__Description of the task__. Write again exactly the lines in the listing below, starting at the line with "Поп фолк певецът" and ending at the line with "os ajustam. |", both included. Pictures are not copied.
===== Records for this task =====
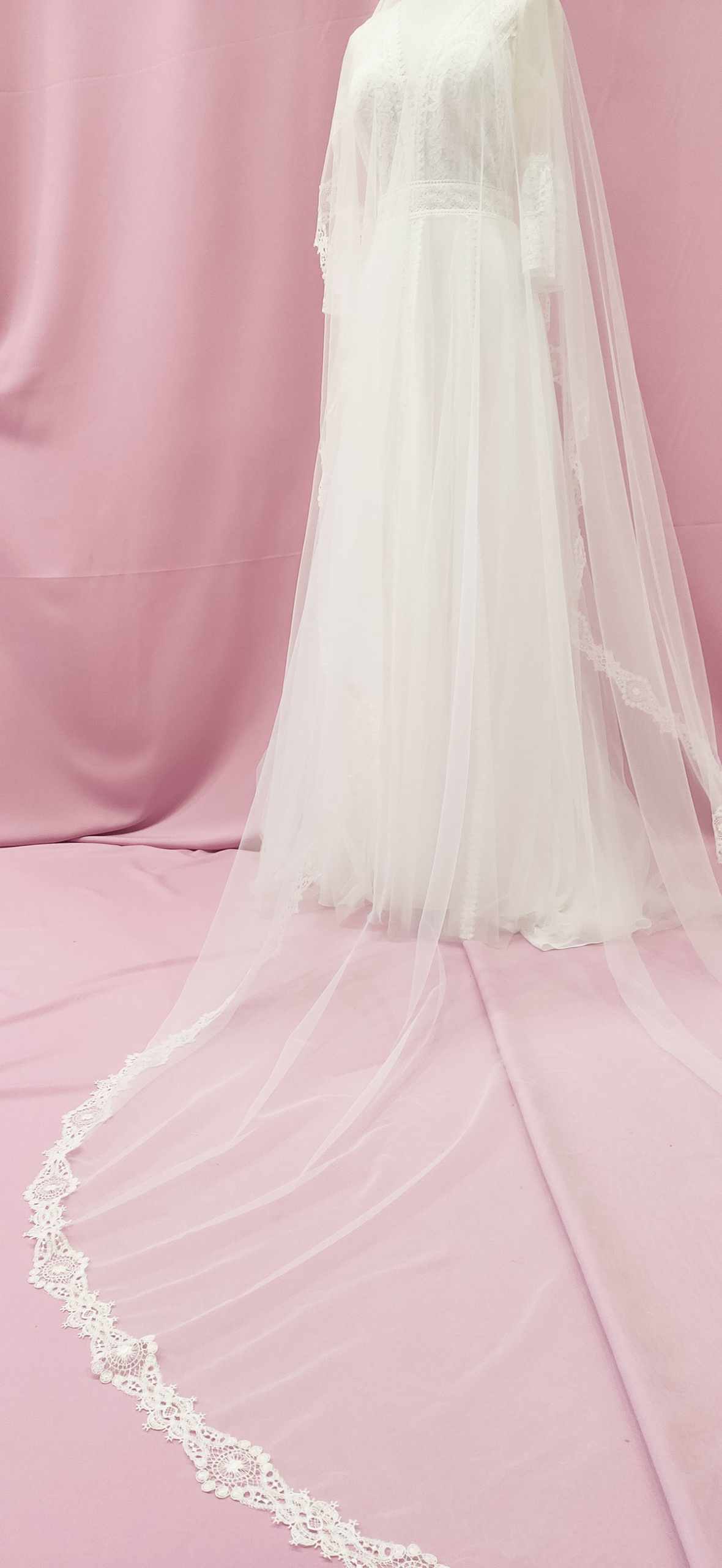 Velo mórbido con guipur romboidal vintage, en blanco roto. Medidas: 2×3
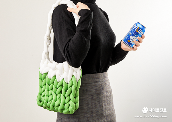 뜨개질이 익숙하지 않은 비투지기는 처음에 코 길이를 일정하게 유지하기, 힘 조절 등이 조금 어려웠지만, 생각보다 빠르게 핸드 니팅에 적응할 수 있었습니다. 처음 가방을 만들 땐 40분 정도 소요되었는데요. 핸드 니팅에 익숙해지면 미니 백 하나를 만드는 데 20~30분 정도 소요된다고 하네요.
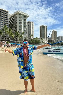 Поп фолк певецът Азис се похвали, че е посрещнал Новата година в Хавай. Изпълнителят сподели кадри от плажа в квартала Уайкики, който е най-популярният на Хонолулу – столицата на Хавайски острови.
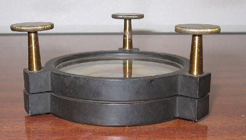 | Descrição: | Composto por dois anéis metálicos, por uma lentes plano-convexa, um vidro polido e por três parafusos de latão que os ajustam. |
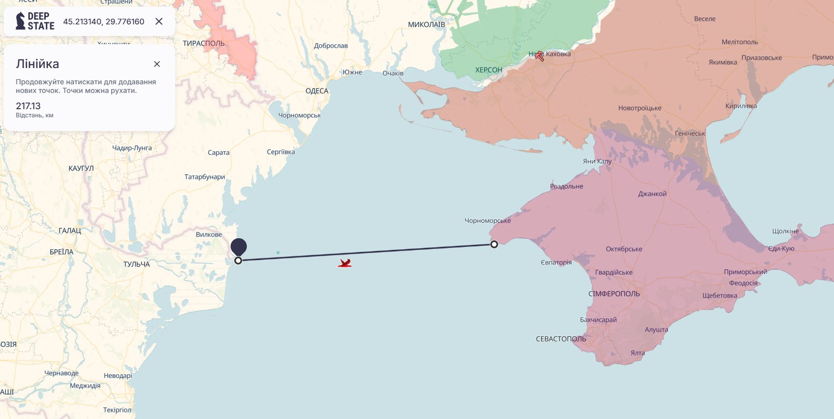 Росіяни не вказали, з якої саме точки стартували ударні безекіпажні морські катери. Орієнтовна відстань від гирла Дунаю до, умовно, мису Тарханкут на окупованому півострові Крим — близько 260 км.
=====
===== Records for this task =====
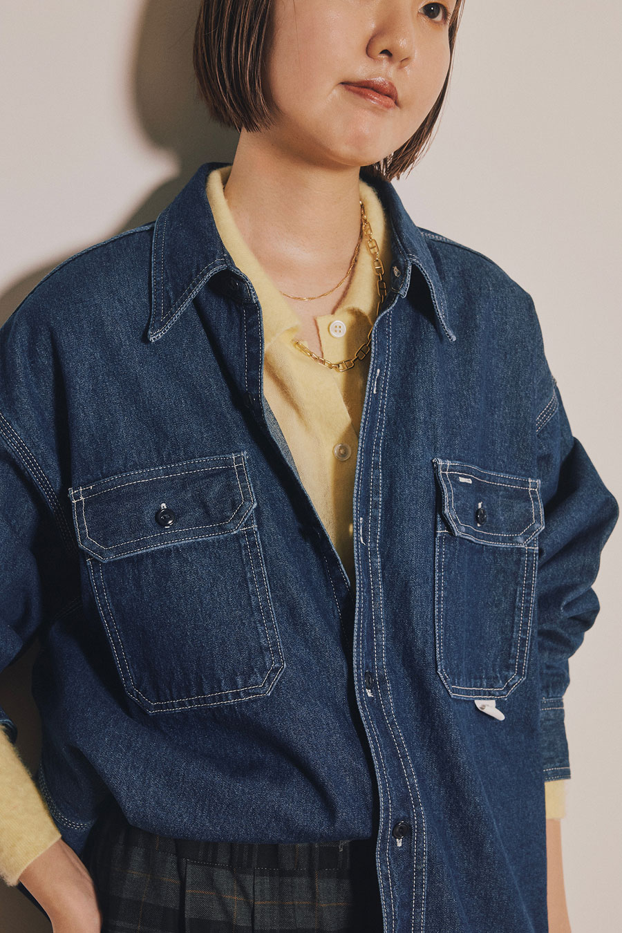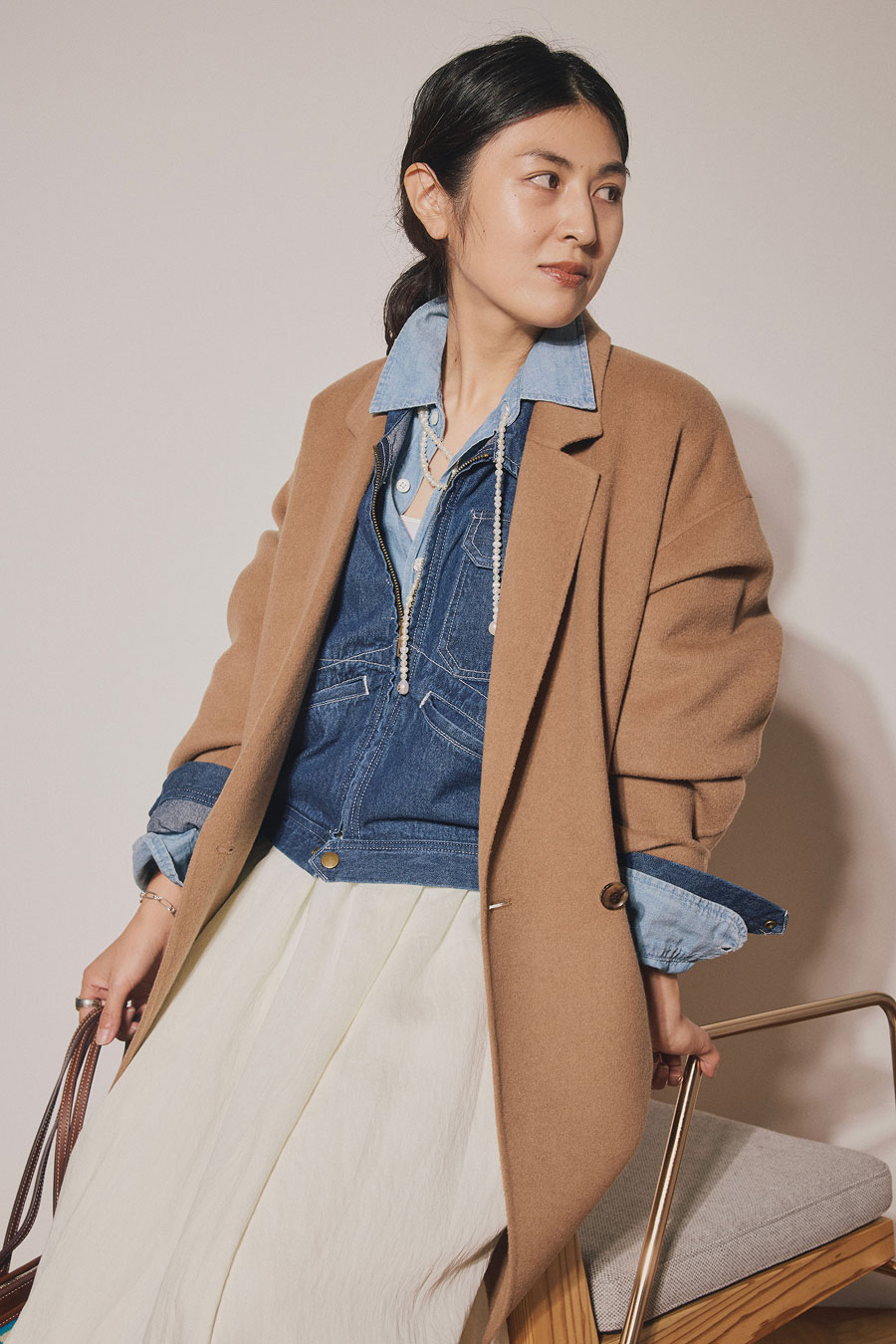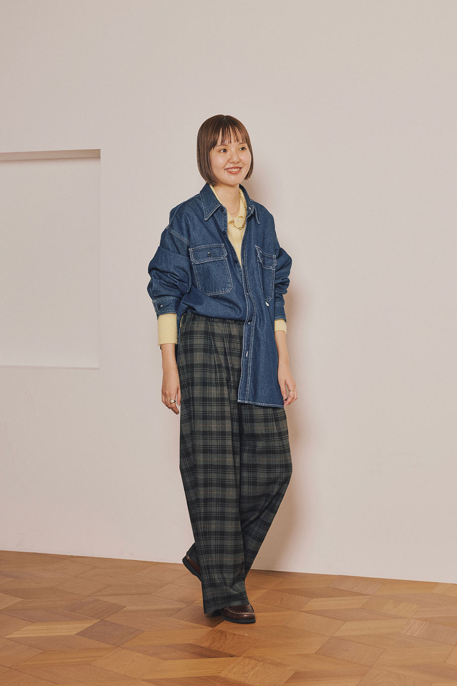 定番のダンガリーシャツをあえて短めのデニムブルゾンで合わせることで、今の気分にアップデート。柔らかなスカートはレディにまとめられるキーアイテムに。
=====
===== Records for this task =====
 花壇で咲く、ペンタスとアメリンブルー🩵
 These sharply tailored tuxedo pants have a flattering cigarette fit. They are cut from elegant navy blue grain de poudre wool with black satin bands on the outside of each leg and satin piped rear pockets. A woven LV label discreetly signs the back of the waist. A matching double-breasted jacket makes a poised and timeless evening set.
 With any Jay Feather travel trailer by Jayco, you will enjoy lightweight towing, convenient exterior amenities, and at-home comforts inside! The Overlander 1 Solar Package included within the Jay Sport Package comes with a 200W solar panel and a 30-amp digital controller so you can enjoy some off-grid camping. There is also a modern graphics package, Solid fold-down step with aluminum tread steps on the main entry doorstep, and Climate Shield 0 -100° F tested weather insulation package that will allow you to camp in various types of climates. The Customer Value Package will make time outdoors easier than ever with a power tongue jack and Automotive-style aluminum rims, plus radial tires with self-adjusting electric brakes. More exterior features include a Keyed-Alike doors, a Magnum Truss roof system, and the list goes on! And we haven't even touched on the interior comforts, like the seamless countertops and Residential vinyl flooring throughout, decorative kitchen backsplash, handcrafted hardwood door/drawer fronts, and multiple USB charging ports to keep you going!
=====
__Output of the task__.
 Поп фолк певецът Азис се похвали, че е посрещнал Новата година в Хавай. Изпълнителят сподели кадри от плажа в квартала Уайкики, който е най-популярният на Хонолулу – столицата на Хавайски острови.
 | Descrição: | Composto por dois anéis metálicos, por uma lentes plano-convexa, um vidro polido e por três parafusos de latão que os ajustam. |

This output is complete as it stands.